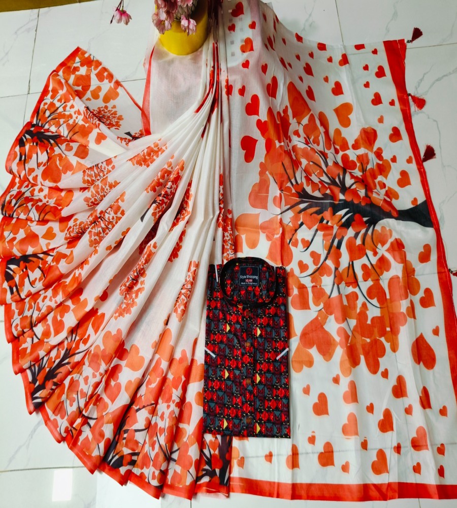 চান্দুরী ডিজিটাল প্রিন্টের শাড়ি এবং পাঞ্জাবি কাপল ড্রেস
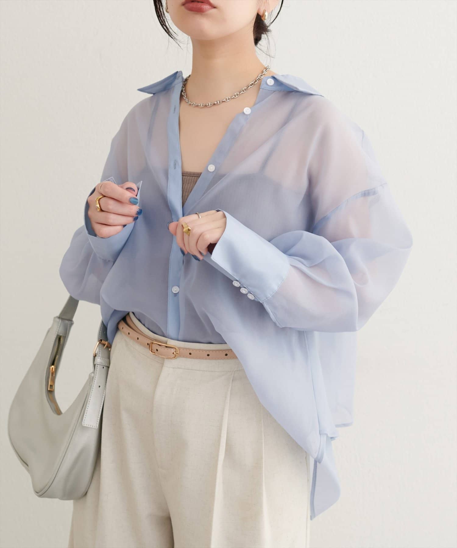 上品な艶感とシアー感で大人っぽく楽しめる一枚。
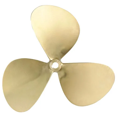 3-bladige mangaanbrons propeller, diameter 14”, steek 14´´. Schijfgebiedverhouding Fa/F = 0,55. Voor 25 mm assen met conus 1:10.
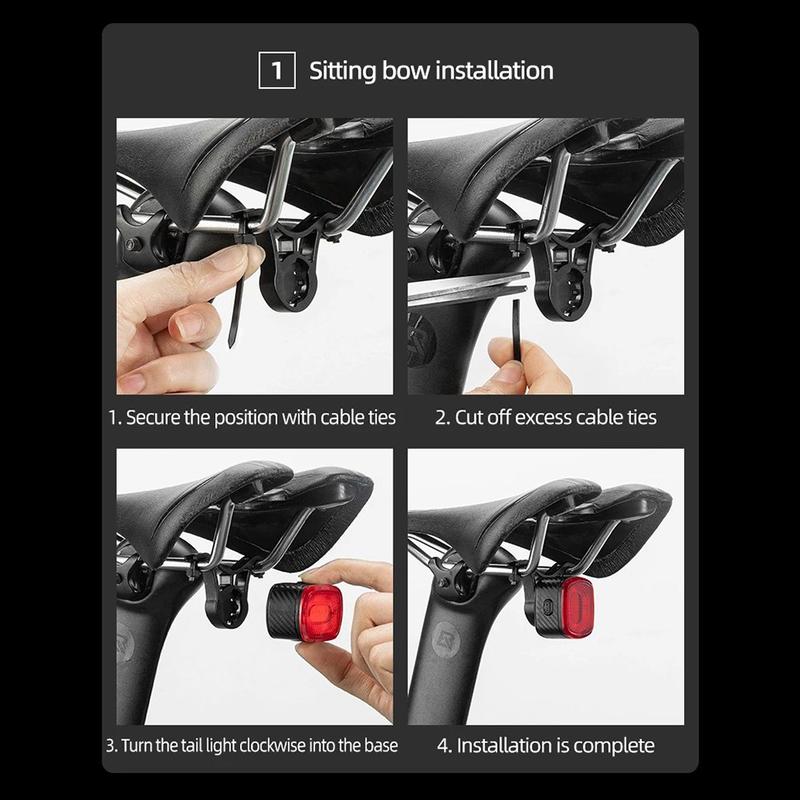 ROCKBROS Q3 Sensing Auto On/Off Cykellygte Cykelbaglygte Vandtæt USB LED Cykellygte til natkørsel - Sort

* * *

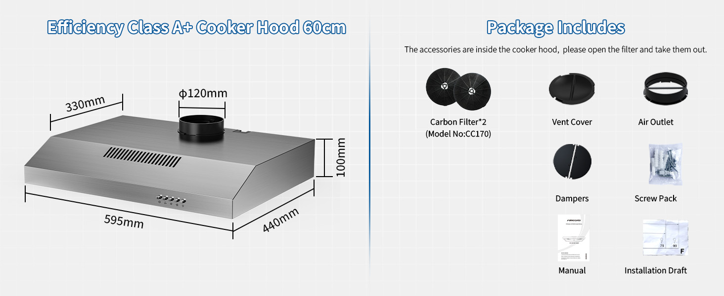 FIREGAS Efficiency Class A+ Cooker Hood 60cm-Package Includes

---

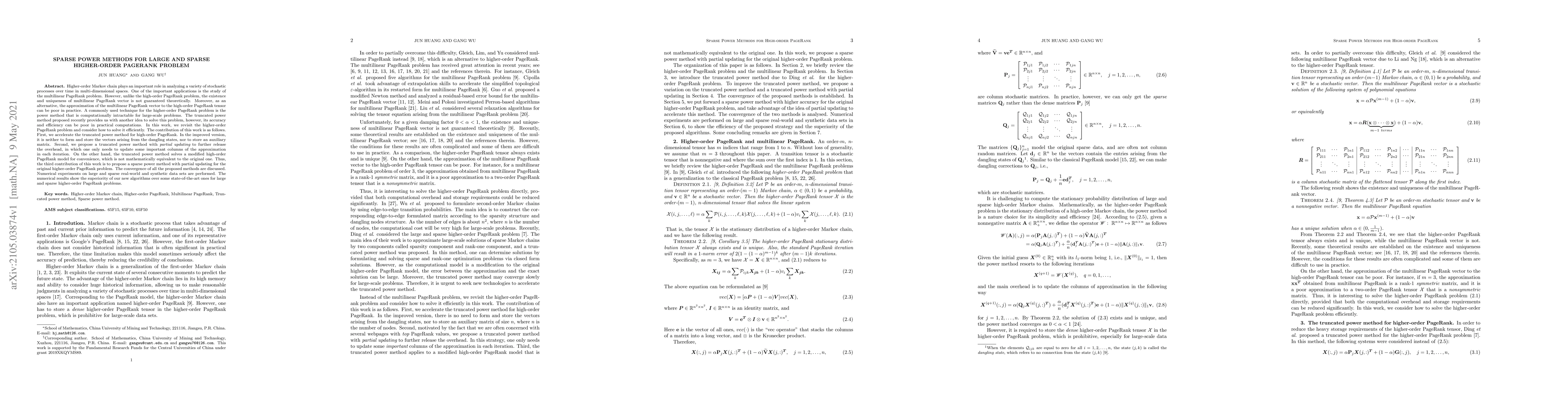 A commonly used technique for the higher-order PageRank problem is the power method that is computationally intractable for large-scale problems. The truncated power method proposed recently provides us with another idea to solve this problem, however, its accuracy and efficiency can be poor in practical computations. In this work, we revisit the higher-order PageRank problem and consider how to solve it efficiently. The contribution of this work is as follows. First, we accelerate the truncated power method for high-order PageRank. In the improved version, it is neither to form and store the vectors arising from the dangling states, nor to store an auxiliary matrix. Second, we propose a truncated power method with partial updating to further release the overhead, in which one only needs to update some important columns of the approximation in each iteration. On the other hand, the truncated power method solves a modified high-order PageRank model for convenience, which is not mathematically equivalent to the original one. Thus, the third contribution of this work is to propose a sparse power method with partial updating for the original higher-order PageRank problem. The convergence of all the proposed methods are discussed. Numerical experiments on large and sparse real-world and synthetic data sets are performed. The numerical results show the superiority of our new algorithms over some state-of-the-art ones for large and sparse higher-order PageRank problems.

■ EXERCISE REQUIREMENTS
Pictures excluded, give again exactly and only the lines of the material above from the line with "3-bladige mangaanbrons propeller, diameter" through the line with "ROCKBROS Q3 Sensing".

■ RESULT OF THIS TASK
 3-bladige mangaanbrons propeller, diameter 14”, steek 14´´. Schijfgebiedverhouding Fa/F = 0,55. Voor 25 mm assen met conus 1:10.
 ROCKBROS Q3 Sensing Auto On/Off Cykellygte Cykelbaglygte Vandtæt USB LED Cykellygte til natkørsel - Sort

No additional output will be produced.